For the past decade, spitting saliva in a tube for DNA processing has been all the rage for viewers of the Maurytelevision show, science geeks, hypochondriacs, and everyone in-between. Companies such as 23andMe have vigorously marketed their ability to use these genetic samples to identify customers’ ancestry and health risk. But the firm’s foray into health status prediction was too much for the Food and Drug Administration (FDA), which finally went nuclear on 23andMe after several warnings.  

In 2013, the FDA barred 23andMe from sharing health related conjecture tailored to customers’ genetic markers. For example, my own 23andMe report, which gave me risk percentages of developing major diseases relative to the population, was suddenly devoid of any such projections after the FDA’s actions. In justifying the ban, the administration reasoned that any disease probability estimate was inherently misleading, since the vast majority of genes playing a role in the development of the illnesses are not known. In the government’s view, 23andMe was assigning an unreasonably-high weight to a handful of genetic markers they’d analyzed.

 The administration slightly backtracked in 2015, when they allowed the testing company to alert their customers to the presence of “carrier genes” in user DNA. Genetic markers associated with cystic fibrosis and sickle cell anemia strongly predict the diseases in carriers’ children, and are thus particularly useful in pre-identifying health threats. The latest liberalization, announced a few days ago, allows 23andMe to identify ten diseases and/or conditions that may afflict the actual customer, as opposed to his/her progeny. The list of approved diseases, which includes late-onset Alzheimer’s Disease and Parkinson’s Disease, was approved by the FDA only after agency certification that identified markers were in fact strongly correlated with the diseases. That is, 23andMe’s commentary on customer DNA is misleading unless the FDA can confirm the DNA-disease linkages put forward by the company.
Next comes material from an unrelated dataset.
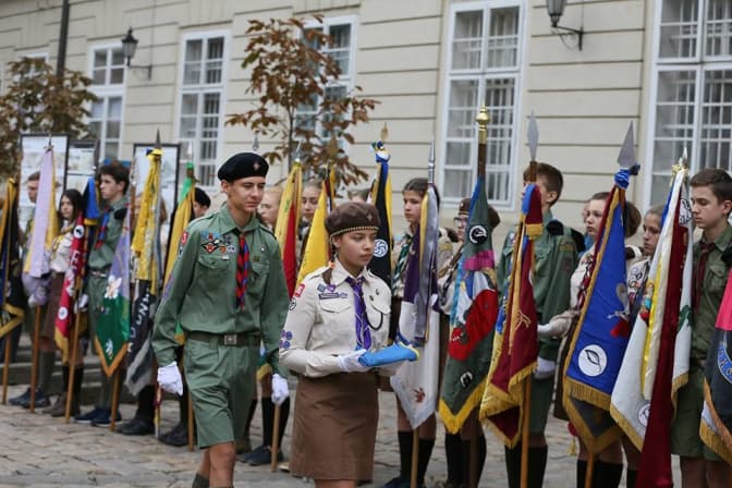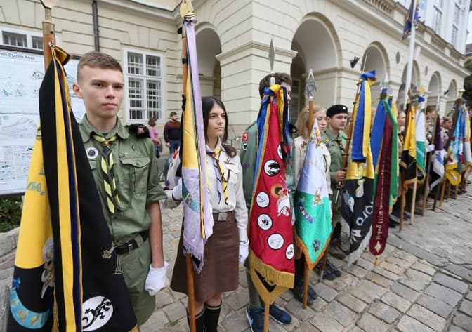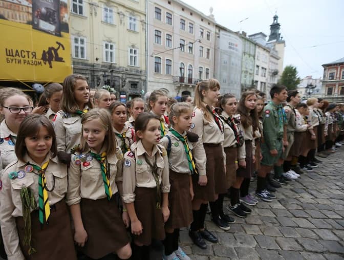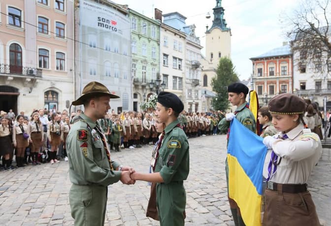 Програма святкування пластового року розпочалась у Гарнізонному храмі св. ап. Петра і Павла. Після молебню, на площі Ринок пластунів привітали міський голова Львова та голова ЛОДА. Також відбулося посвячення «новачків»: курені Станиці Львів Пласту Національної Скаутської Організації України розгорнули свої стяги.

While the agency’s loosening of rules is a step in the right direction, the prevailing process is still far too strict. For starters, the FDA’s regulatory approach presupposes that customers will react in a very peculiar way to the withholding of information from them. If 23andMe shares subscribers’ DNA sequences with them but withholds any educated guesses about disease profiles, customers are unlikely to simply “rollover” and confine themselves to uncertainty. Rather, they’re likely to sleuth genetics discussion forums and pseudoscientific web pages for more information.

It’s not surprising that Google Trends for search terms like “DNA results” and “genetic markers” show small but noticeable growth starting in 2013 after remaining flat or declining for the previous two years. Among the beneficiaries of this internet traffic has been a low-budget web service called Promethease, where users can input their raw genetic data inputted via 23andMe and obtain a comprehensive medical literature review on their genetic markers. Search traffic around this website, which nearly tripled in the three months after the FDA’s initial clampdown on 23andMe, demonstrates a consumer willingness to work around cumbersome rules imposed by bureaucrats.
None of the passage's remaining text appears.